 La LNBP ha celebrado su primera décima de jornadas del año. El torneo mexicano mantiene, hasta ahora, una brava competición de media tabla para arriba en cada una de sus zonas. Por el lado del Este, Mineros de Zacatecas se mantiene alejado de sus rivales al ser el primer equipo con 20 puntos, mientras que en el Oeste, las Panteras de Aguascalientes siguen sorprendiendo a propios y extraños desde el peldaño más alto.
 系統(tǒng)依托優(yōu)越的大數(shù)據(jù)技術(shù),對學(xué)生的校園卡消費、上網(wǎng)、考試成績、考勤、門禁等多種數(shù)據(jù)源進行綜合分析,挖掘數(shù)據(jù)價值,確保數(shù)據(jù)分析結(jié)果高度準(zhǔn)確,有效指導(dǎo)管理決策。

---

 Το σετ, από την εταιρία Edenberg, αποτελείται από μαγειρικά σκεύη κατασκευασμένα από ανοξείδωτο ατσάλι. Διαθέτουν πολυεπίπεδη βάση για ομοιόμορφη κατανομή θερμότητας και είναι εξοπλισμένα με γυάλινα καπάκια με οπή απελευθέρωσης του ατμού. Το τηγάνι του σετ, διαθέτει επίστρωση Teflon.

---

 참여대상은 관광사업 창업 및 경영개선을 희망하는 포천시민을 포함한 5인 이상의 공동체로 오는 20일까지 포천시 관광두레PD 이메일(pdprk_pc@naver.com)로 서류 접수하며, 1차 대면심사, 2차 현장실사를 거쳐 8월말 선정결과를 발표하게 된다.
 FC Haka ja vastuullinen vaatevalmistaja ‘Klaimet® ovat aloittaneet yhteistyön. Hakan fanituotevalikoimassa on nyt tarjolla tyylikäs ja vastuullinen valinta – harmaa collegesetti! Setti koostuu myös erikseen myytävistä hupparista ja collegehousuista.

# [Task objective]
A verbatim transcription is needed of the lines above, starting at the line with "La LNBP ha celebrado" and ending at the line with "系統(tǒng)依托優(yō", both included, and of nothing else.

# [Solution below]
 La LNBP ha celebrado su primera décima de jornadas del año. El torneo mexicano mantiene, hasta ahora, una brava competición de media tabla para arriba en cada una de sus zonas. Por el lado del Este, Mineros de Zacatecas se mantiene alejado de sus rivales al ser el primer equipo con 20 puntos, mientras que en el Oeste, las Panteras de Aguascalientes siguen sorprendiendo a propios y extraños desde el peldaño más alto.
 系統(tǒng)依托優(yōu)越的大數(shù)據(jù)技術(shù),對學(xué)生的校園卡消費、上網(wǎng)、考試成績、考勤、門禁等多種數(shù)據(jù)源進行綜合分析,挖掘數(shù)據(jù)價值,確保數(shù)據(jù)分析結(jié)果高度準(zhǔn)確,有效指導(dǎo)管理決策。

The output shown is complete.